**Your goal**
Please give again, word for word, each line that falls between the line with "Doskonały dla poszukiwaczy" and the end of the data, inclusive.

**Data**

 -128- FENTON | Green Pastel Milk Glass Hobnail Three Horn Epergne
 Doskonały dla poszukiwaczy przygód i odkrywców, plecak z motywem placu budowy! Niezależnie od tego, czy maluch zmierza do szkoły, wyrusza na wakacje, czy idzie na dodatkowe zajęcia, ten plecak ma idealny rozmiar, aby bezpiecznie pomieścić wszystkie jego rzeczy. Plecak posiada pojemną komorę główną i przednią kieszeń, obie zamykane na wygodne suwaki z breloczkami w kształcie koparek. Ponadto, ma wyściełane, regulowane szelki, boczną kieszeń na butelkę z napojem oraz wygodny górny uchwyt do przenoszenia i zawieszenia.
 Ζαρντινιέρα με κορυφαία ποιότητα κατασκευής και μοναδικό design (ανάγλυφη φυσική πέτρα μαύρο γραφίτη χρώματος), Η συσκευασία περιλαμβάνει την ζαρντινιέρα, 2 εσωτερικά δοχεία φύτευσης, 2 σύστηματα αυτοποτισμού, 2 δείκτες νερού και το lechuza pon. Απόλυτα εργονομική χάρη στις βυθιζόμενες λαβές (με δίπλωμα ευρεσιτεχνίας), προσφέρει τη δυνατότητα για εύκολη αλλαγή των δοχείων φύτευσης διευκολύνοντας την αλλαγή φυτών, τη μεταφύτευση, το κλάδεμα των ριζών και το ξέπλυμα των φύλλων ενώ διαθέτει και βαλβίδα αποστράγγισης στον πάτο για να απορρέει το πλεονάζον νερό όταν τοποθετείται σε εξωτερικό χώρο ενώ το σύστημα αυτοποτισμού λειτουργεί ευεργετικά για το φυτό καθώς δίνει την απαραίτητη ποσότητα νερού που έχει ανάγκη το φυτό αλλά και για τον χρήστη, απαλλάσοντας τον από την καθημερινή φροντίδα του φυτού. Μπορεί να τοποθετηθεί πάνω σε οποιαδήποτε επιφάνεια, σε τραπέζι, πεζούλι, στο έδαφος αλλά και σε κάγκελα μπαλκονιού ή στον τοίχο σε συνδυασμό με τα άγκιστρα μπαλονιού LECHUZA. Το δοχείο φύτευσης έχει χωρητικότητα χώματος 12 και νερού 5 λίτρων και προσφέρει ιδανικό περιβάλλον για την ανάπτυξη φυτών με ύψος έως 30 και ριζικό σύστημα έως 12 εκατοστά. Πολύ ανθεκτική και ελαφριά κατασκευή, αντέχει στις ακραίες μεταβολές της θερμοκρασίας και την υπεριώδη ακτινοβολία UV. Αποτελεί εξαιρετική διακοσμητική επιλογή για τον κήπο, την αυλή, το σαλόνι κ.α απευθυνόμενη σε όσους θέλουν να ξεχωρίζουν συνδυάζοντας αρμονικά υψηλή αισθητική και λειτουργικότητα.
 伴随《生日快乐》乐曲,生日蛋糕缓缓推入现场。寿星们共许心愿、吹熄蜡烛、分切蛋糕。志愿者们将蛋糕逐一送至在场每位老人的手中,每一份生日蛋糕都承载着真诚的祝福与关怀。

**Worked solution**
 Doskonały dla poszukiwaczy przygód i odkrywców, plecak z motywem placu budowy! Niezależnie od tego, czy maluch zmierza do szkoły, wyrusza na wakacje, czy idzie na dodatkowe zajęcia, ten plecak ma idealny rozmiar, aby bezpiecznie pomieścić wszystkie jego rzeczy. Plecak posiada pojemną komorę główną i przednią kieszeń, obie zamykane na wygodne suwaki z breloczkami w kształcie koparek. Ponadto, ma wyściełane, regulowane szelki, boczną kieszeń na butelkę z napojem oraz wygodny górny uchwyt do przenoszenia i zawieszenia.
 Ζαρντινιέρα με κορυφαία ποιότητα κατασκευής και μοναδικό design (ανάγλυφη φυσική πέτρα μαύρο γραφίτη χρώματος), Η συσκευασία περιλαμβάνει την ζαρντινιέρα, 2 εσωτερικά δοχεία φύτευσης, 2 σύστηματα αυτοποτισμού, 2 δείκτες νερού και το lechuza pon. Απόλυτα εργονομική χάρη στις βυθιζόμενες λαβές (με δίπλωμα ευρεσιτεχνίας), προσφέρει τη δυνατότητα για εύκολη αλλαγή των δοχείων φύτευσης διευκολύνοντας την αλλαγή φυτών, τη μεταφύτευση, το κλάδεμα των ριζών και το ξέπλυμα των φύλλων ενώ διαθέτει και βαλβίδα αποστράγγισης στον πάτο για να απορρέει το πλεονάζον νερό όταν τοποθετείται σε εξωτερικό χώρο ενώ το σύστημα αυτοποτισμού λειτουργεί ευεργετικά για το φυτό καθώς δίνει την απαραίτητη ποσότητα νερού που έχει ανάγκη το φυτό αλλά και για τον χρήστη, απαλλάσοντας τον από την καθημερινή φροντίδα του φυτού. Μπορεί να τοποθετηθεί πάνω σε οποιαδήποτε επιφάνεια, σε τραπέζι, πεζούλι, στο έδαφος αλλά και σε κάγκελα μπαλκονιού ή στον τοίχο σε συνδυασμό με τα άγκιστρα μπαλονιού LECHUZA. Το δοχείο φύτευσης έχει χωρητικότητα χώματος 12 και νερού 5 λίτρων και προσφέρει ιδανικό περιβάλλον για την ανάπτυξη φυτών με ύψος έως 30 και ριζικό σύστημα έως 12 εκατοστά. Πολύ ανθεκτική και ελαφριά κατασκευή, αντέχει στις ακραίες μεταβολές της θερμοκρασίας και την υπεριώδη ακτινοβολία UV. Αποτελεί εξαιρετική διακοσμητική επιλογή για τον κήπο, την αυλή, το σαλόνι κ.α απευθυνόμενη σε όσους θέλουν να ξεχωρίζουν συνδυάζοντας αρμονικά υψηλή αισθητική και λειτουργικότητα.
 伴随《生日快乐》乐曲,生日蛋糕缓缓推入现场。寿星们共许心愿、吹熄蜡烛、分切蛋糕。志愿者们将蛋糕逐一送至在场每位老人的手中,每一份生日蛋糕都承载着真诚的祝福与关怀。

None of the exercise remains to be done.